Created on 11-09-2023 03:00 PM - edited 11-09-2023 03:06 PM
Purpose of this article is to explain a few ways to access metadata of data objects in Cloudera's Hive & Impala data warehouses.
Before we get into the specific details, let's understand a typical method to access metadata and data objects in Cloudera Data Platform.
Hive Metastore (HMS) database holds the metadata of all Hive & Impala data objects. When user/application is outside the Cloudera cluster, thrift protocol is used to access it.
Hive & Impala data warehouses hold all the data objects. When user/application is outside the Cloudera cluster, Cloudera's JDBC/ODBC drivers are used to access it.
As you know Cloudera excels at Hybrid architecture and there is a consistent method of accessing metadata and data across different deployment models. Let's now understand how it works.
If you're not already familiar with the CDP deployment models, it's highly recommended to check out the following links: Base, Datahub, CDW Data Service in Private Cloud and CDW Data Service in Public Cloud.
A single HMS database is available per environment (environment refers to CDP's On-Premise or Public Cloud installation), to hold information about all the Hive/Impala objects. In other words, regardless of where Hive/Impala objects are created (ex: CDW Data Service), their metadata is going to be available in the single HMS instance that's associated with the environment.
To access HMS database outside the cluster in both CDP On-Prem and Public Cloud, thrift protocol is used along with the Kerberos authentication mechanism. We must configure cross-realm Kerberos trust between the user/application and Cloudera environment, so they're able to communicate with each other.
Below are a few ways to access metadata of data objects in Cloudera's Hive & Impala data warehouses --
HMS database holds the metadata of all Hive & Impala data objects.

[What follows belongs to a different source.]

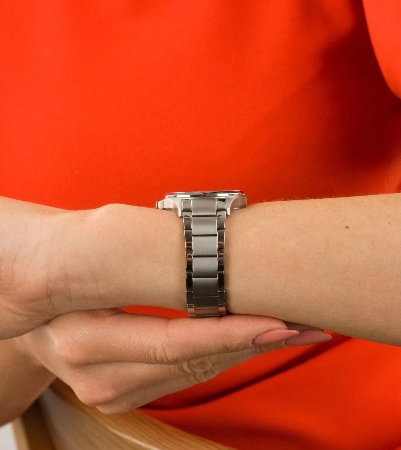 Корпус часов изготовлен из титана. Титановый браслет на раскладной застёжкеРаскладная застёжкаТакой тип застёжки используется только на браслетах из металла. Она никогда не раскрывается полностью, происходит разделение на 2 и более частей. Раскладывающая застёжка снизит вероятность потери часов к минимуму. шириной 18 мм. Заводная головка с защитой. Арабская индикация времени. Окошко даты находятся в положении 3 часа.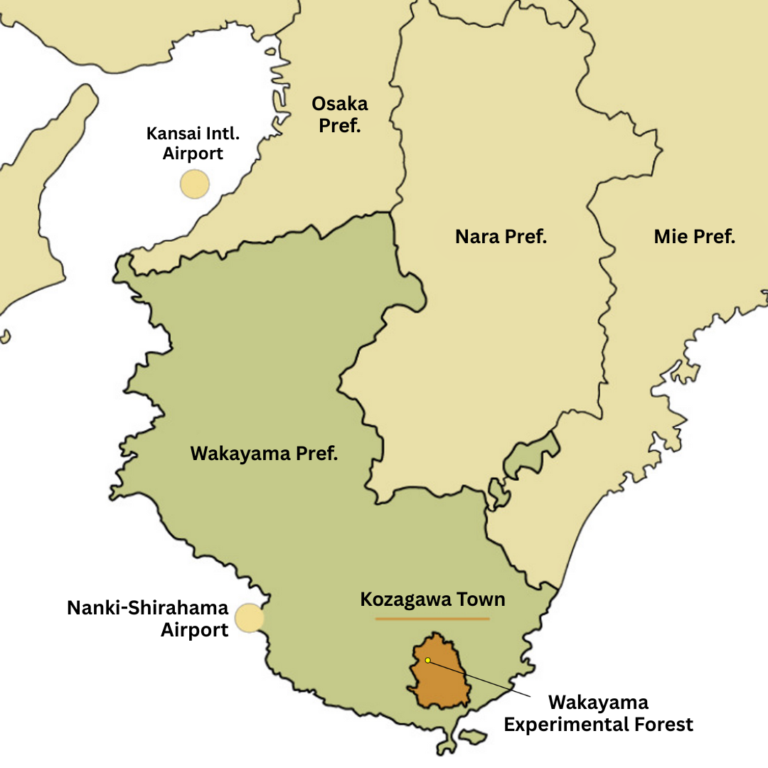Located in the Hirai district of Kozagawa Town, in the southern part of the Kii Peninsula, approximately 1,800 kilometers southwest of the Sapporo campus, Hokkaido University’s Wakayama Experimental Forest is the only one among the university’s seven research forests that lies outside Hokkaido. In the 1900s, when domestic demand for construction timber increased, the university called upon the National Governors’ Association to provide land for education and research concerning warm-temperature plantations of Japanese cedar, Japanese cypress, and other species. Wakayama Prefecture responded to this call, leading to the establishment of the experiment forest in 1925.

If you're accessing it outside the Cloudera cluster, use thrift protocol and ensure cross-realm Kerberos trust is configured between the client (user/application) and Cloudera cluster. This is typically done by adding krb5.conf to the client.
If you're accessing it within the Cloudera cluster, use the HMS instance that you setup during CDP On-Premise installation or if you're in Public Cloud then use the instructions here.
sys database mirrors HMS database and resides in Hive data warehouse. Hive data warehouse is accessed using Cloudera's JDBC/ODBC drivers.
Note that even though sys database is only available through Hive data warehouse, it contains the metadata of both Hive & Impala data objects. For reference, see an example query below to retrieve the metadata.
-- See a few details about a subset of tables select b.name, a.tbl_name, a.owner, a.tbl_type, c.location, a.view_original_text, a.view_expanded_text from sys.tbls a join sys.dbs b on b.db_id = a.db_id join sys.sds c on c.sd_id = a.sd_id where tbl_name like '%tmp_%';
Apache Atlas is a governance tool that lets you see the metadata of all data assets, lineage of data and much more. REST APIs are exposed to retrieve the necessary information remotely. There is also Python library for Apache Atlas available on pypi. Below is a common curl example of accesssing Atlas in Cloudera using REST API:
curl -k -u <usr>:<pwd> https://<cloudera_datalake_host>:443/<env>/cdp-proxy-api/atlas/api/atlas/v2/types/typedefs/
Note that full Atlas API URL is available in the Endpoints section of the datalake. See below for reference.
Glad you made it this far. Even with the complexity that comes with the Hybrid Architecture, Cloudera has made it simple to access the metadata of data objects in Cloudera's data warehouses. There are multiple options available as discussed above, that customers & partners can choose from based on their requirements.